Brighter-fatter / charge-correlation effects are a big concern, because they don’t fit into our typical model (they’re not a convolution or a coordinate transformation). For characterization, we’ll rely on lab experiments and physical simulations to come up with a parameterized model, then constrain the model from flat-field image correlations and potentially stars on science images. We’d like to correct as much of this as possible at the pixel level at a very early stage, so most downstream processing can continue to use our traditional model of the observational system. If we can’t completely correct it there, we’d include it in a forward modeling of stars that are being used to constrain the PSF. We would very much like to avoid including it in forward modeling of WL source galaxies, and we think that’s unlikely since they’re faint and hence the effect is small (and hopefully mostly corrected at the pixel level anyway).
Pixel area variations
Like tree rings, this is a pure WCS effect that adds many new parameters, but it’s fixed in the chips so we’ll have a ton of data to constrain it.
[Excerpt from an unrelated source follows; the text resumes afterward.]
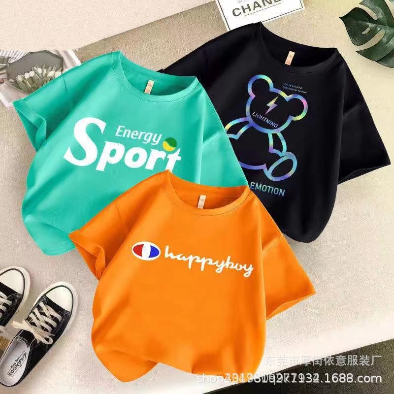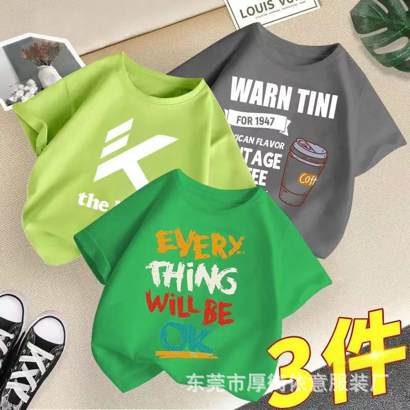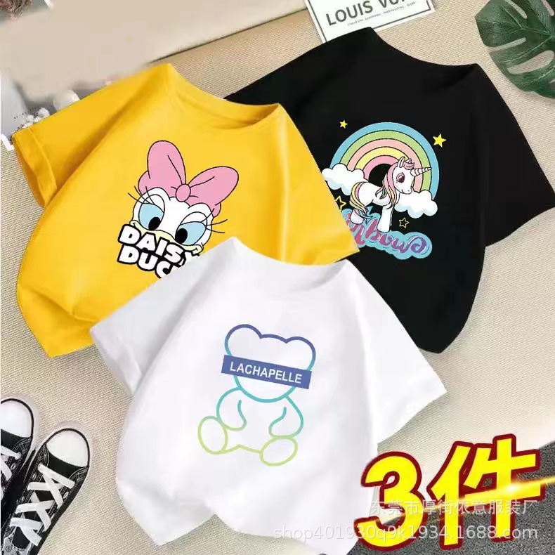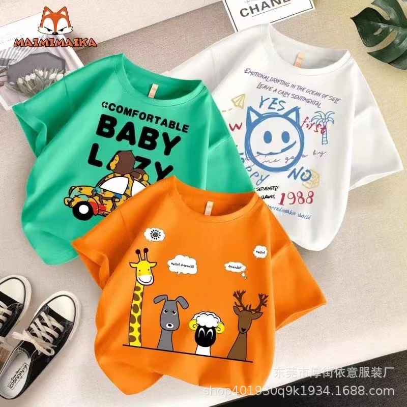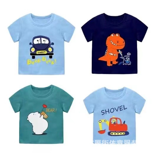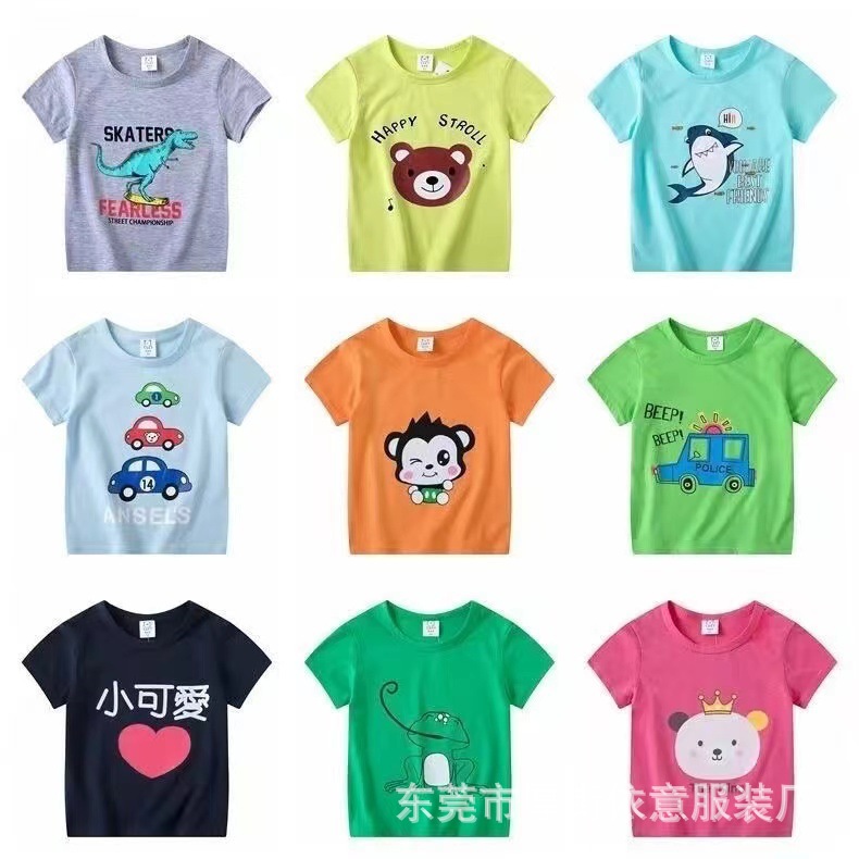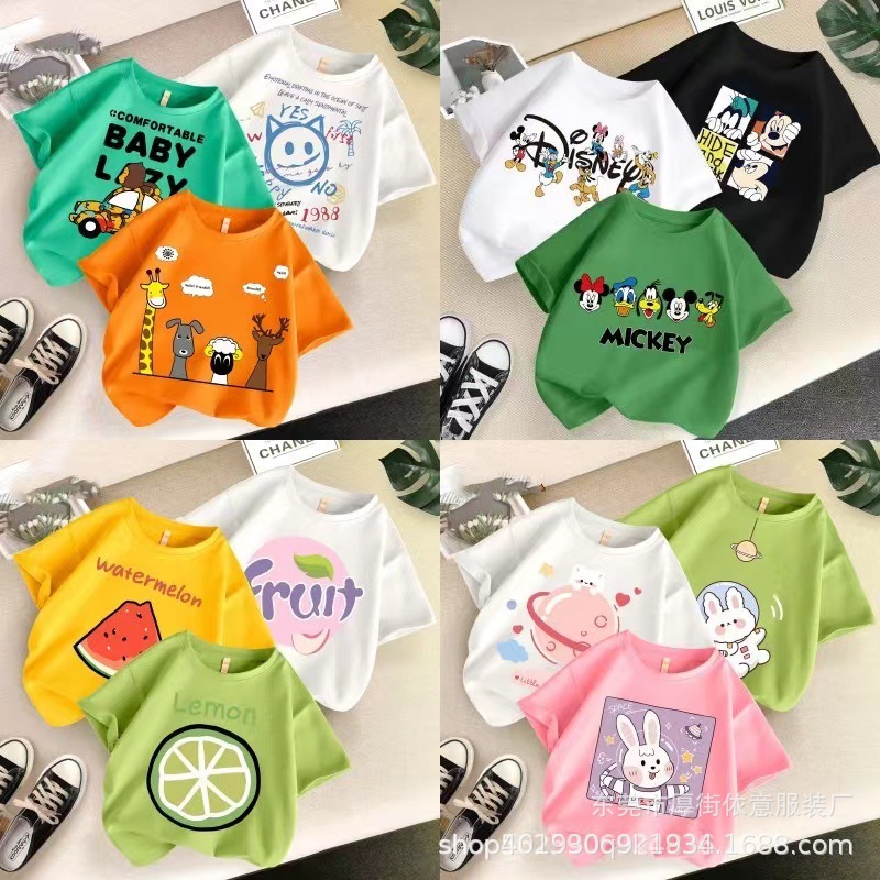 5 위안 아동복 도매 2025 새로운 어린이 반팔 바닥 셔츠 소년 소녀 티셔츠 만화 마구간 공급스토어 가기
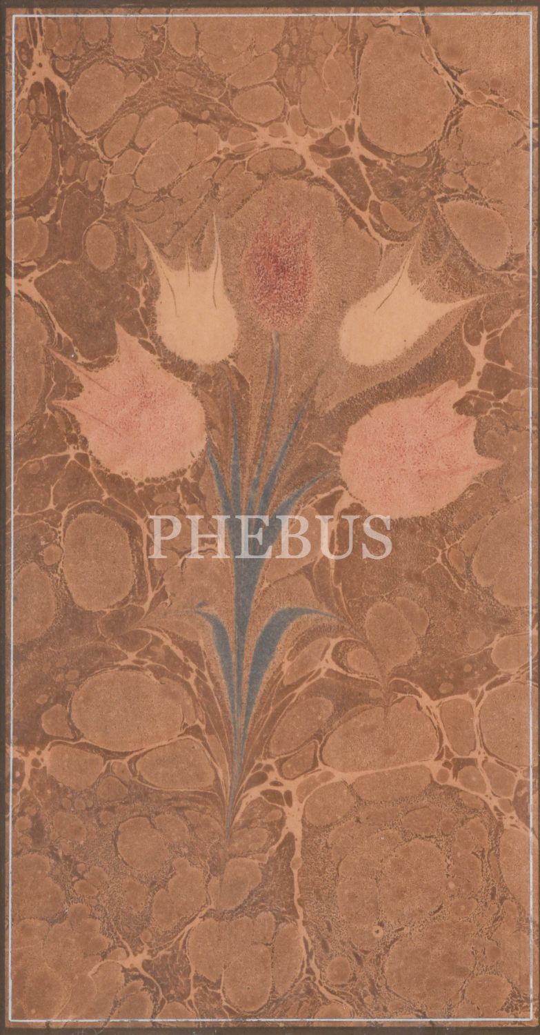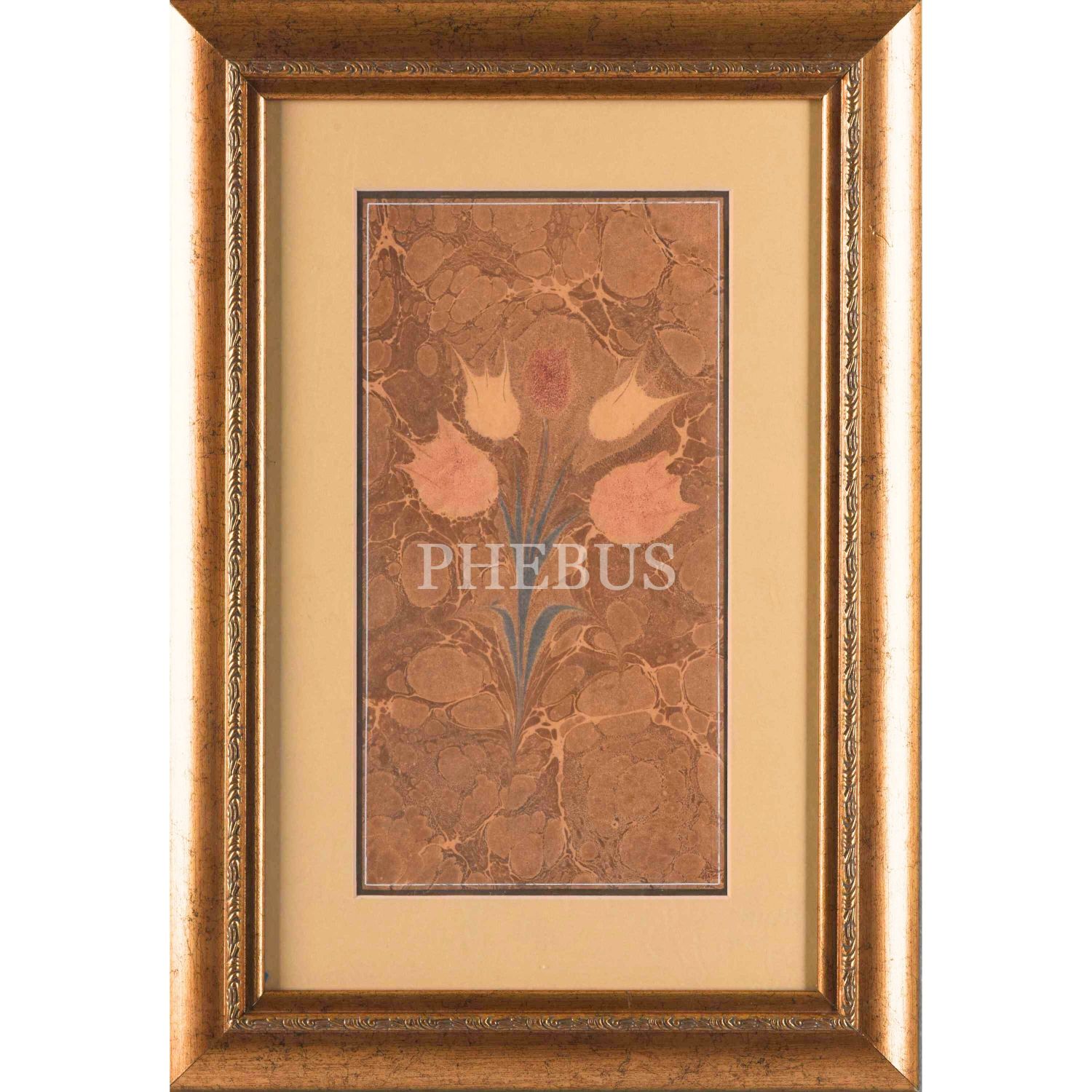 Necmettin Okyay beş çiçekli lale ebrusu, ebru ölçü: 28x15 cm, çerçeve ölçü: 43x30 cm...

Important question is whether it breaks linear WCS assumptions at a level that matters; if it does, we may have to resample data at an early stage rather than just include it in the WCS.
Easy to correct at the pixel level; probably not too hard to constrain the model.
Easy but computationally expensive to correct at the pixel level; easy to constrain the model.
Charge Transfer Inefficiency
Negligible for LSST? Lots of literature from HST if we do need to account for it.